What the task asks
Transcribe the records in full, keeping every word exactly as given.

-- Entries supplied follows --

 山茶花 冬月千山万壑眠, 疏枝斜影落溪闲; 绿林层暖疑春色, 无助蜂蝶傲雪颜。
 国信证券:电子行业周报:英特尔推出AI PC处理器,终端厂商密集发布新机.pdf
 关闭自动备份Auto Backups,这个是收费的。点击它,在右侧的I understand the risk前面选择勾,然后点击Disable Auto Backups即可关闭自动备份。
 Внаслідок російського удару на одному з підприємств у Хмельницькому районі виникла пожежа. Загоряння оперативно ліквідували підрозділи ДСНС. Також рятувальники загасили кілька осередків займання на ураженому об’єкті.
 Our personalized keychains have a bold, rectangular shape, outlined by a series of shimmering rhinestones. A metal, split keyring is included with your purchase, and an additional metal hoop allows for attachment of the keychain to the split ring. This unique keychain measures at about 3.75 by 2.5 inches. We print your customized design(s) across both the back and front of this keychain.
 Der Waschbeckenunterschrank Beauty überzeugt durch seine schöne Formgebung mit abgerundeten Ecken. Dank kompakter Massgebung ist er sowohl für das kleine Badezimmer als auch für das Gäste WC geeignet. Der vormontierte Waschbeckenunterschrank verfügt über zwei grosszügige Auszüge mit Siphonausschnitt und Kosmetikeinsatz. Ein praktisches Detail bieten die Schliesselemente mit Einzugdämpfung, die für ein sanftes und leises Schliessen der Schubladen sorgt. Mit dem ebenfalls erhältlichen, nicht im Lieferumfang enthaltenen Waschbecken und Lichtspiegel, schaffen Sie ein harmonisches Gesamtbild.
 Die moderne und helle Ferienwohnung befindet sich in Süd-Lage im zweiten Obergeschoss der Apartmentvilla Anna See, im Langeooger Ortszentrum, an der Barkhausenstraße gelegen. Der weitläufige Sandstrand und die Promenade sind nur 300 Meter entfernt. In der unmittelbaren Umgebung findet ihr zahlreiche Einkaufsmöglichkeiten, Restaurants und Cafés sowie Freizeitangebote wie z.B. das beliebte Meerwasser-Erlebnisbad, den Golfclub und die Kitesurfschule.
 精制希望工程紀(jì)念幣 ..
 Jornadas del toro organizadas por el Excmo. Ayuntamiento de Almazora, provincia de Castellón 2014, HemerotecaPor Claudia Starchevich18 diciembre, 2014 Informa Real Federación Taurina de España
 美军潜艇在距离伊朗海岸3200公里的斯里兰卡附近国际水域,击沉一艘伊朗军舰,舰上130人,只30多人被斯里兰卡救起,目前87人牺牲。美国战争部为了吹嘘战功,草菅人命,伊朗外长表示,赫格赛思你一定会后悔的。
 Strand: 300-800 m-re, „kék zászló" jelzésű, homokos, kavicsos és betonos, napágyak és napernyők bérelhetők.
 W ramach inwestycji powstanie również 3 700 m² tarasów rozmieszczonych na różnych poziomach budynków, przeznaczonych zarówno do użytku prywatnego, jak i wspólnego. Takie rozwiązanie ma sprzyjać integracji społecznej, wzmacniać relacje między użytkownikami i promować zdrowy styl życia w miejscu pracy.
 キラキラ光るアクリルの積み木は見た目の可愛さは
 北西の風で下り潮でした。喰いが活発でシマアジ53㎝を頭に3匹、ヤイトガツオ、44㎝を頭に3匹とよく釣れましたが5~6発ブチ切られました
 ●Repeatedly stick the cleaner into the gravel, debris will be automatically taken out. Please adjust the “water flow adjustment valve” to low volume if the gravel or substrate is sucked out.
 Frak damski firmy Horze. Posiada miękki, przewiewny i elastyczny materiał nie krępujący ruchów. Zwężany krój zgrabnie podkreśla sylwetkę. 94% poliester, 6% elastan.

-- Entries supplied concluded --

Written solution
 山茶花 冬月千山万壑眠, 疏枝斜影落溪闲; 绿林层暖疑春色, 无助蜂蝶傲雪颜。
 国信证券:电子行业周报:英特尔推出AI PC处理器,终端厂商密集发布新机.pdf
 关闭自动备份Auto Backups,这个是收费的。点击它,在右侧的I understand the risk前面选择勾,然后点击Disable Auto Backups即可关闭自动备份。
 Внаслідок російського удару на одному з підприємств у Хмельницькому районі виникла пожежа. Загоряння оперативно ліквідували підрозділи ДСНС. Також рятувальники загасили кілька осередків займання на ураженому об’єкті.
 Our personalized keychains have a bold, rectangular shape, outlined by a series of shimmering rhinestones. A metal, split keyring is included with your purchase, and an additional metal hoop allows for attachment of the keychain to the split ring. This unique keychain measures at about 3.75 by 2.5 inches. We print your customized design(s) across both the back and front of this keychain.
 Der Waschbeckenunterschrank Beauty überzeugt durch seine schöne Formgebung mit abgerundeten Ecken. Dank kompakter Massgebung ist er sowohl für das kleine Badezimmer als auch für das Gäste WC geeignet. Der vormontierte Waschbeckenunterschrank verfügt über zwei grosszügige Auszüge mit Siphonausschnitt und Kosmetikeinsatz. Ein praktisches Detail bieten die Schliesselemente mit Einzugdämpfung, die für ein sanftes und leises Schliessen der Schubladen sorgt. Mit dem ebenfalls erhältlichen, nicht im Lieferumfang enthaltenen Waschbecken und Lichtspiegel, schaffen Sie ein harmonisches Gesamtbild.
 Die moderne und helle Ferienwohnung befindet sich in Süd-Lage im zweiten Obergeschoss der Apartmentvilla Anna See, im Langeooger Ortszentrum, an der Barkhausenstraße gelegen. Der weitläufige Sandstrand und die Promenade sind nur 300 Meter entfernt. In der unmittelbaren Umgebung findet ihr zahlreiche Einkaufsmöglichkeiten, Restaurants und Cafés sowie Freizeitangebote wie z.B. das beliebte Meerwasser-Erlebnisbad, den Golfclub und die Kitesurfschule.
 精制希望工程紀(jì)念幣 ..
 Jornadas del toro organizadas por el Excmo. Ayuntamiento de Almazora, provincia de Castellón 2014, HemerotecaPor Claudia Starchevich18 diciembre, 2014 Informa Real Federación Taurina de España
 美军潜艇在距离伊朗海岸3200公里的斯里兰卡附近国际水域,击沉一艘伊朗军舰,舰上130人,只30多人被斯里兰卡救起,目前87人牺牲。美国战争部为了吹嘘战功,草菅人命,伊朗外长表示,赫格赛思你一定会后悔的。
 Strand: 300-800 m-re, „kék zászló" jelzésű, homokos, kavicsos és betonos, napágyak és napernyők bérelhetők.
 W ramach inwestycji powstanie również 3 700 m² tarasów rozmieszczonych na różnych poziomach budynków, przeznaczonych zarówno do użytku prywatnego, jak i wspólnego. Takie rozwiązanie ma sprzyjać integracji społecznej, wzmacniać relacje między użytkownikami i promować zdrowy styl życia w miejscu pracy.
 キラキラ光るアクリルの積み木は見た目の可愛さは
 北西の風で下り潮でした。喰いが活発でシマアジ53㎝を頭に3匹、ヤイトガツオ、44㎝を頭に3匹とよく釣れましたが5~6発ブチ切られました
 ●Repeatedly stick the cleaner into the gravel, debris will be automatically taken out. Please adjust the “water flow adjustment valve” to low volume if the gravel or substrate is sucked out.
 Frak damski firmy Horze. Posiada miękki, przewiewny i elastyczny materiał nie krępujący ruchów. Zwężany krój zgrabnie podkreśla sylwetkę. 94% poliester, 6% elastan.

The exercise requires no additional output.